April 24, 2007 — Adult-strength aspirin taken daily for 5 years or more was associated with a 15% reduced overall cancer incidence, according to the results of a large cohort study reported in the April 18 issue of the Journal of the National Cancer Institute.

"Epidemiologic evidence indicates that aspirin use is associated with reduced risks of colon cancer and possibly several other cancers, including prostate and breast cancers," write Eric J. Jacobs, PhD, from the American Cancer Society in Atlanta, Georgia, and colleagues. "Recent results from the Women's Health Study randomized trial indicate that long-term use of low-dose aspirin (100 mg every other day) does not substantially reduce cancer risk.
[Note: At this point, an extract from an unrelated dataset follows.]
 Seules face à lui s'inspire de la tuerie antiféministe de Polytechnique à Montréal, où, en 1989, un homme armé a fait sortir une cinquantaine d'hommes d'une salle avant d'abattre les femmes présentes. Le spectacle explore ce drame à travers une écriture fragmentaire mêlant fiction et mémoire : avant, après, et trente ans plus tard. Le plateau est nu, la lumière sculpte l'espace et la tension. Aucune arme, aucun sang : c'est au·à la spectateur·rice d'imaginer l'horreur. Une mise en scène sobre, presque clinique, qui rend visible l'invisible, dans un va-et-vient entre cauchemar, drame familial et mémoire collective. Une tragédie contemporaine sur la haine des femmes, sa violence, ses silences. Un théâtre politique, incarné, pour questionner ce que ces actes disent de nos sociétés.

However, the potential effect of long-term daily use of higher doses of aspirin on cancer incidence remains uncertain."

The investigators determined associations between long-term daily use of adult-strength aspirin (≥ 325 mg/day) and overall cancer incidence, as well as incidence of 10 types of cancer in 69,810 men and 76,303 women participating in the Cancer Prevention Study II Nutrition Cohort, a relatively elderly population. Information on aspirin use was collected at enrollment in 1992 - 1993 and updated in 1997, 1999, and 2001. Rate ratios (RRs) were determined from multivariable Cox proportional hazards regression.

Through follow-up ending in June 2003, cancer was diagnosed in 10,931 men and 7196 women. Compared with no use, daily use of adult-strength aspirin for 5 years or more was associated with lower overall cancer incidence in men (multivariable-adjusted RR, 0.84; 95% confidence interval [CI], 0.76 - 0.93) and non–statistically significant lower overall cancer incidence in women (multivariable-adjusted RR, 0.86; 95% CI, 0.73 - 1.03).
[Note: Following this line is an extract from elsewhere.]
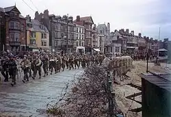 Weymouth's military importance made it a target for German bombing during World War II. The air raids destroyed 1,200 civilian dwellings and killed 76 civilians, and the High Street was so badly damaged that much of it had to be demolished after the war.[2][23] In September 1942 the first full-scale testing of the bouncing bomb was carried out west of the town, on the lagoon behind Chesil Bank.[24][25] Tens of thousands of Allied troops departed Weymouth and Portland for D-Day, bound for Omaha in Normandy. By the time the conflict in Europe had ended, 517,816 troops and 144,903 vehicles had been through the ports.[2]
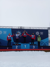 İSTANBUL, (DHA)- ÖZEL Olimpiyatlar Dünya Kış Oyunları alp disiplini dev slalom final yarışlarında mücadele eden Eda Nur Biçer, 1:26.290’lık derecesiyle altın madalyanın sahibi oldu. Aynı kategoride yarışan Beyza Kirenli ise 1:56.010’luk derecesiyle bronz madalya kazandı.Torino'da devam eden Özel Olimpiyatlar Dünya Kış Oyunları’nın 4’üncü gününde, Özel Olimpiyatlar Türkiye sporcuları alp disiplini branşında iki madalya kazanarak büyük bir başarıya imza attı. İtalya’nın Sestriere Vialattea Kayak Merkezi’nde 12 Mart 2025’te gerçekleştirilen dev slalom final yarışlarında, sporcularımız madalya kürsüsünde yerini alarak Türkiye’yi gururlandırdı. Özel Olimpiyatlar Dünya Kış Oyunları alp disiplini dev slalom final yarışlarında mücadele eden Eda Nur Biçer, 1:26.290’lık derecesiyle altın madalyanın sahibi oldu. Aynı kategoride yarışan Beyza Kirenli, 1:56.010’luk derecesiyle bronz madalya kazanırken, Şehriye Naz Koncalıoğlu ise 2:10.220’lik derecesiyle 4'üncü sırada yer aldı. Büyük bir mücadele veren Enver Eren Kebapçıoğlu yarışları 5'inci sırada tamamlarken, Berat Kömbeci ise yarışlar sonunda elendi. Alp disiplini yarışları, 13 Mart'ta Super G slalom yarışı ile sürecek. 14 ve 15 Mart tarihlerinde ise slalom final yarışları gerçekleştirilecek. Öte yandan, kayaklı yürüyüş branşında mücadele eden Sude Cihan ve Batuhan Uludağ, 13 ve 14 Mart’ta madalya için piste çıkacak. (FOTOĞRAFLI)

After standardization to the age distributions of men and women in the study, overall cancer incidence per 100,000 person-years with long-term daily aspirin use and no aspirin use was 1858 and 2163, respectively, among men, and 1083 and 1169, respectively, among women. Long-term daily aspirin use was linked to reduced incidence of colorectal cancer (RR, 0.68; 95% CI, 0.52 - 0.90; among men and women combined) and prostate cancer (RR, 0.81; 95% CI, 0.70 - 0.94) and a non–statistically significant lower risk for female breast cancer (RR, 0.83; 95% CI, 0.63 - 1.10).
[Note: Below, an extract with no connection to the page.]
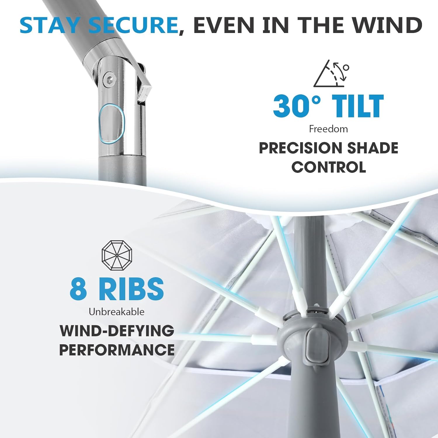 7ft Beach Umbrella featuring a built-in table with Sand Anchor & Tilt, UPF 50+ Protection Beach Umbrellas for Sand, Umbrellas for Heavy Duty Wind Portable with Carry Bag, Dark Blue Stripes(Random pattern)

"Long-term daily use of adult-strength aspirin may be associated with modestly reduced overall cancer incidence in populations among whom colorectal, prostate, and breast cancers are common," the authors write.

Study limitations include observational design subject to confounding, lack of data on potentially harmful effects from daily long-term use of adult-strength aspirin, insufficient statistical power to examine long-term daily use of low-dose aspirin, and lack of generalizability to other populations.

"Confirmation from randomized trials is necessary before a reduction in cancer risk could be considered a benefit of using adult-strength aspirin," the authors conclude. "Our results indicate that a randomized trial examining the effect of aspirin on cancer incidence would need to be both large and long term, probably lasting a minimum of 10 years.... If daily adult-strength aspirin use is ultimately found to meaningfully reduce overall cancer risk, there could be important clinical implications with respect to who should be taking aspirin and at what dose."

The American Cancer Society funded this study.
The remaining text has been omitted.